The line handlers on the land know their job well. I spotted mine, as we motored into the lock, crossing the railway, walking over into a hut, and having a conversation as he paid out his line. He then started gathering up the line as he speeded up to retake his position! This time we had a huge three masted cruise ship in the locks with us. We nearly had an incident as the aft port line on the other yacht was caught as the level in the lock dropped. Luckily, a knife wasn’t needed, but it took four people to take the strain and free the line. The nest was swinging about in the lock before it was brought back under control with the combined engines of all yachts and adjustment of all the lines.
After the Pedro Miguel locks it was a short motor across the Miraflores Lake before the final two Miraflores Locks. There was a huge crowd watching us from the visitor centre.

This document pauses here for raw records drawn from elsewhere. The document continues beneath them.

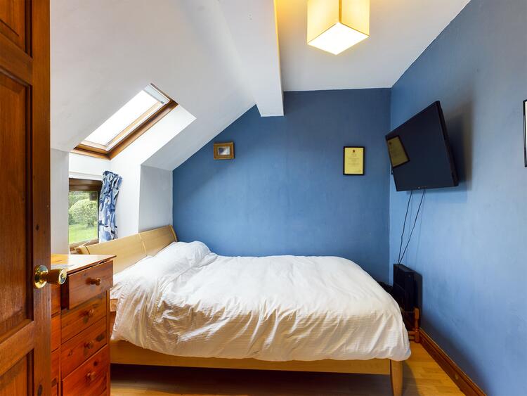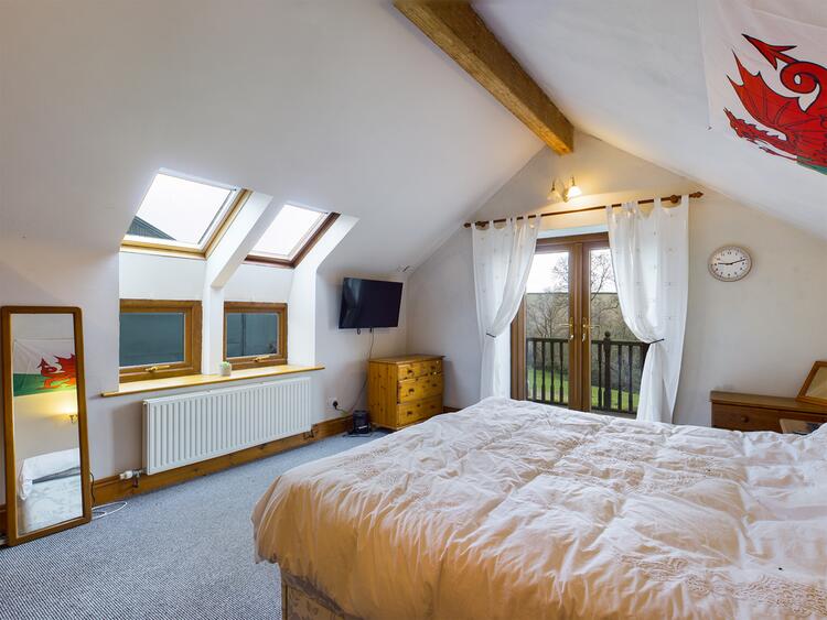 15ft 6 x 13ft (4.72m x 3.96m). A lovely light room with two woodgrain uPVC double glazed windows to front aspect with velux roof light over, additional woodgrain uPVC double glazed French doors to side with small balcony taking advantage of the splendid rural views. Power points, wall light point.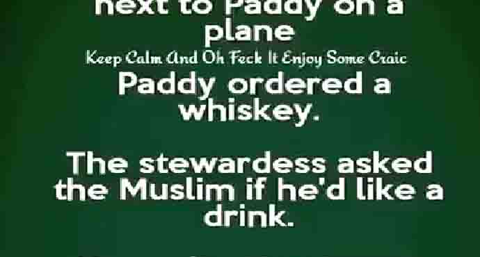 Paddy ordered a whiskey. The stewardess asked the Muslim if he’d like a drink.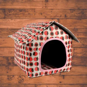 Maison Rouge Fraise pour Chien – Niche Intérieure Confortable, Lavable et Pliable
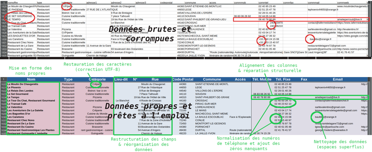 Nettoyage de Données : Suppression des doublons, normalisation des formats (adresses, téléphones, dates) et restructuration complète de vos bases CRM.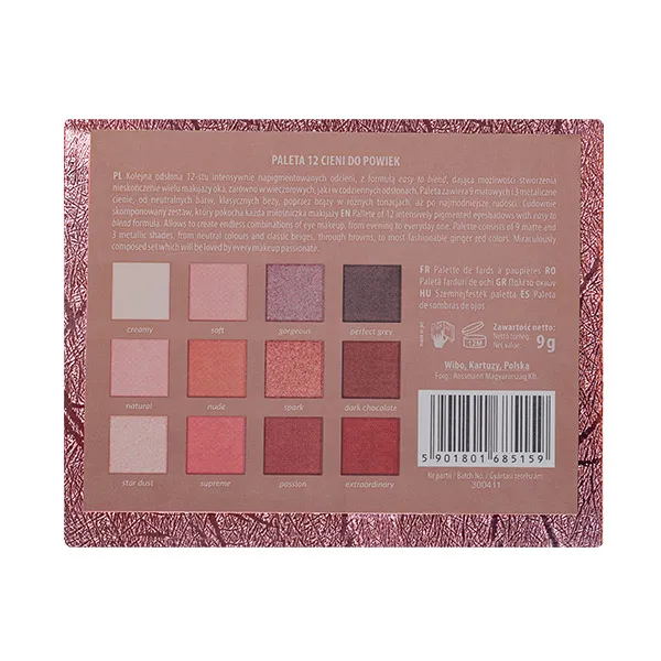 Палитра из 12 интенсивно пигментированных теней с легко смешиваемой формулой для безграничных возможностей макияжа глаз, как для вечеринки, так и для повседневной обстановки. Палитра содержит 9 матовых теней и 3 металлических оттенка: от нейтральных тонов, классических бежевых, через коричневые тона и до последних хитов: красноватых. Невероятное сочетание, которое понравится всем любительницам макияжа. Позвольте себе увлечься множеством возможностей.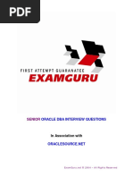 v$db_cache_advice table. If a change was necessary then I would use the alter system set db_cache_size command. 19. Explain an ORA-01555 You get this error when you get a snapshot too old within rollback. It can usually be solved by increasing the undo retention or increasing the size of rollbacks. You should also look at the logic involved in the application getting the error message. 20. Explain the difference between $ORACLE_HOME and $ORACLE_BASE. ORACLE_BASE is the root directory for oracle. ORACLE_HOME located beneath ORACLE_BASE is where the oracle products reside. Well, we have gone through the first 25 questions as I would answer them during an interview. Please feel free to add your personal experiences to the answers as it will always improve the process and add your particular touch. As always remember these are "core" DBA questions and not necessarily related to the Oracle options that you may encounter in some interviews. Take a close look at the requirements for any job and try to come up with questions that the interviewer may ask. Next time we will tackle the rest of the questions. Until then, good luck with the process. 21. How would you determine the time zone under which a database was operating? select DBTIMEZONE from dual; 22. Explain the use of setting GLOBAL_NAMES equal to TRUE. Setting GLOBAL_NAMES dictates how you might connect to a database. This variable is either TRUE or FALSE and if it is set to TRUE it enforces database links to have the same name as the remote database to which they are linking. 23. What command would you use to encrypt a PL/SQL application? WRAP 24. Explain the difference between a FUNCTION, PROCEDURE and PACKAGE. A function and procedure are the same in that they are intended to be a collection of PL/SQL code that carries a single task. While a procedure does not have to return any values to the calling application, a function will return a single value. A package on the other hand is a collection of functions and procedures that are grouped together based on their commonality to a business function or application. 25. Explain the use of table functions. Table functions are designed to return a set of rows through PL/SQL logic but are intended to be used as a normal table or view in a SQL statement. They are also used to pipeline information in an ETL process. 26. Name three advisory statistics you can collect. Buffer Cache Advice, Segment Level Statistics, & Timed Statistics 27. Where in the Oracle directory tree structure are audit traces placed? In unix $ORACLE_HOME/rdbms/audit, in Windows the event viewer 28. Explain materialized views and how they are used. Materialized views are objects that are reduced sets of information that have been summarized, grouped, or aggregated from base tables. They are typically used in data warehouse or decision support systems. 29. When a user process fails, what background process cleans up after it? PMON 30. What background process refreshes materialized views? The Job Queue Processes. 31. How would you determine what sessions are connected and what

They all thought we were waving at them, when we were actually waving to friends and family watching us via the webcam mounted on the same building. Out of the locks, untie our nest, drop off the advisor, motor under the Bridge of the Americas, and we were officially in the Pacific! There was then a short motor to the La Playita marina, located at the end of the breakwater off Panama City. A few days here would allow us to reprovision; there was not going to be another good opportunity for Barracuda’s next legs to the Galapagos and then on to the Marquesas in French Polynesia.
The Pacific would bring an entirely new experience to many of the ARC skippers and crews – tides. They had come from the Caribbean with zero tide, to a 6m tidal range!
Max elevation: 84 m
Total climbing: 325 m
Santa Marta to Shelter Bay 22nd to 29th January
Another briefing (and prize-giving) organised by the World ARC team and we were nearly ready for departure on the next leg of our trip. This was to take us to the northern entrance of the Panama Canal, via the San Blas Islands off the NE coast of Panama. Graham completed the paperwork (the most of any country he had been in), retrieved our passports, and after some final shopping we were ready to go.
After days of non-stop 30 knots wind from the east, the wind had dropped during our stay, and the morning of the 22nd saw us with a light wind from the west! The choice of tack was therefore starboard towards the Colombian coast, or port out to sea and hopefully better winds. The view back to land (and the plotter) showed that we were actually heading north at best, with about 3 knots of current against us from the west. We, and everyone else, finally put the motor on and dropped sail. At best, we made 4 knots over the ground throughout the night, watching various shore lights slowly disappearing into the distance. The morning brought wind from astern, so it was up with Parasailor. We also finally managed to catch a decent sized tuna, which gave us several meals. Unfortunately, the lack of wind meant that we would have a day less in the San Blas Islands, if and when we arrived. The wind finally went more on the beam, and speed picked up. With the wind dropping on the third day, it was time to turn the motor back on to try and reach anchorage before nightfall. It was not to be, and we passed through the wide gap between some islands in the dark.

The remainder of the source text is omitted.